Sabemos que as leis são feitas no abstracto, obedecendo a um horizonte de sentidos e valores que têm a sua lógica num certo enquadramento temporal e contexto social, mas a sua aplicação prática nos pode revelar lacunas e falhas que não eram claras na altura da sua concepção e noutros casos, o próprio tempo, a evolução natural das sociedades e mentalidades nos obrigam a rever os nossos conceitos. No caso da nossa actual constituição, passados 20 anos sobre a sua concepção e 7 sobre a última revisão, esperava da parte dos nossos deputados um sinal claro de que é chegado o tempo de se abrir um debate sério sobre alguns pontos desajustados e / ou desactualizados da nossa constituição e de algumas leis, dos quais, posso sem esforço enumerar alguns:

- Muita gente tem questionado o nosso sistema de governo (semi-presidencialista) e atribuído a ele a culpa de muitas das crises políticas que enfrentamos. Não será altura para abrirmos um debate sobre esse ponto e, dependendo das conclusões, pensar séria e responsavelmente em alternativas viáveis?!

- A nossa lei eleitoral e lei dos partidos políticos datam de 1990, quando não tínhamos ideia nenhuma de como seria a nossa experiencia democrática. Não será altura para actualizar e adaptar essas leis à nossa realidade actual, de forma a eliminar verdadeiras aberrações ali contidas, como o facto de se poder criar e manter um partido politico com apenas 250 militantes ou a inexistência de cláusulas barreira, que tem facilitado a proliferação de pequenos partidos políticos sem expressão eleitoral?! E o que dizer dos valores das multas ali previstas?!

- Nesse momento, quase 1/3 da nossa população reside fora do País. Não é chegada a altura para se criar as condições para que esses emigrantes possam votar nas eleições legislativas e eleger no mínimo, dois representantes na Assembleia Nacional?!

- Temos 55 deputados para cerca de 160.000 habitantes, o que dá uma média de 1 deputado por cada 3.000 habitantes.

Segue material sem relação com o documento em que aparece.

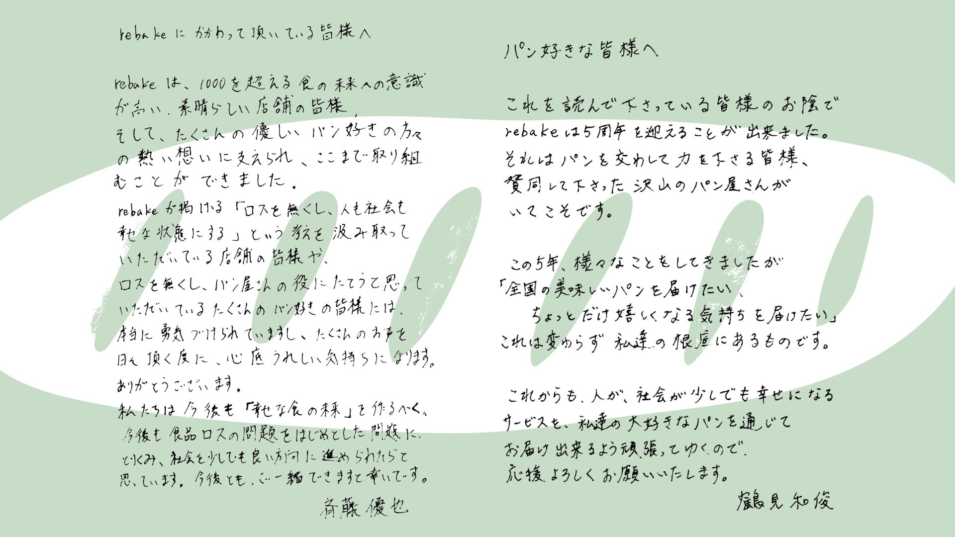 上記のように、現在では多くの方にご利用いただき、フードロス削減にも取り組んでいるrebakeですが、現在に至るまでは多くの苦難がありました。創業時は現在のような通信販売だけで営業するには十分な顧客も資金も得られず、社会に貢献することはおろか、自分達の活動の存続自体が危ぶまれたこともありました。一部の方からは「廃棄になりそうなもので金儲けをするなんて」と非難されたり、パン屋さんの側からは「ロスが出る店だと思われたくない」という理由でなかなかご協力いただけない、という経験も少なくありませんでした。簡単な道のりではございませんでしたが、苦難に出会うその度に、我々の活動目標である「人にも、食べものにも幸せな一生をお届けしたい」という趣旨をお伝えしてまいりました。その結果、5年間にわたり活動を広げて来ることができました。rebakeのサービスを通して理念に共感を示してくださっている利用者の方々に、改めて感謝申し上げます。

Não será altura para revermos a composição da nossa Assembleia Nacional?! Temos deputados que durante a legislatura não produzem nenhum projecto de lei, que marcam presença apenas nas sessões obrigatórias e que não fazem nenhuma intervenção no plenário. Não seria melhor privilegiar a qualidade em vez da quantidade?! Não seria melhor reduzir o número de deputados e dar-lhes melhores condições para se dedicarem exclusivamente ao cargo de deputado, eliminando assim os conflitos de interesses inerentes ao facto de serem deputados e simultaneamente, exercerem funções remuneradas no sector privado?!

E a obrigatoriedade da declaração publica do património para as pessoas que ocupam os mais altos cargos do Estado?! Não devia ter força de lei, em nome da luta contra a corrupção?! E todo o acervo da nossa legislação que está obsoleta e emperra o sistema judiciário, não devia começar a ser actualizado?! E o tal artigo 72, sobre as incompatibilidades da função do presidente da república?! Não justifica por si só, uma revisão constitucional para tornar mais fácil a sua compreensão e evitar que outros presidentes caiam na tentação de querer ser também presidentes de partidos políticos?! O que tem andado a fazer afinal, o nosso parlamento, enquanto órgão legislativo por excelência?! Quase nada! É claro que isso dá trabalho e tem custos, mas se bem me lembro, foi para isso que foram eleitos, ou não?!

Em jeito de conclusão, permita-me a Maria João Avillez que dê um torcicolo no pescoço da sua frase de modo a colocar essa questão não ao presidente, não ao governo, não aos tribunais e nem ao parlamento, como como acabo de fazer, mas à todos aqueles que de alguma forma, não se querem resignar à essa realidade que nos é imposta:

“Até quando VAMOS CONSENTIR que façam de nós, submissos idiotas úteis?”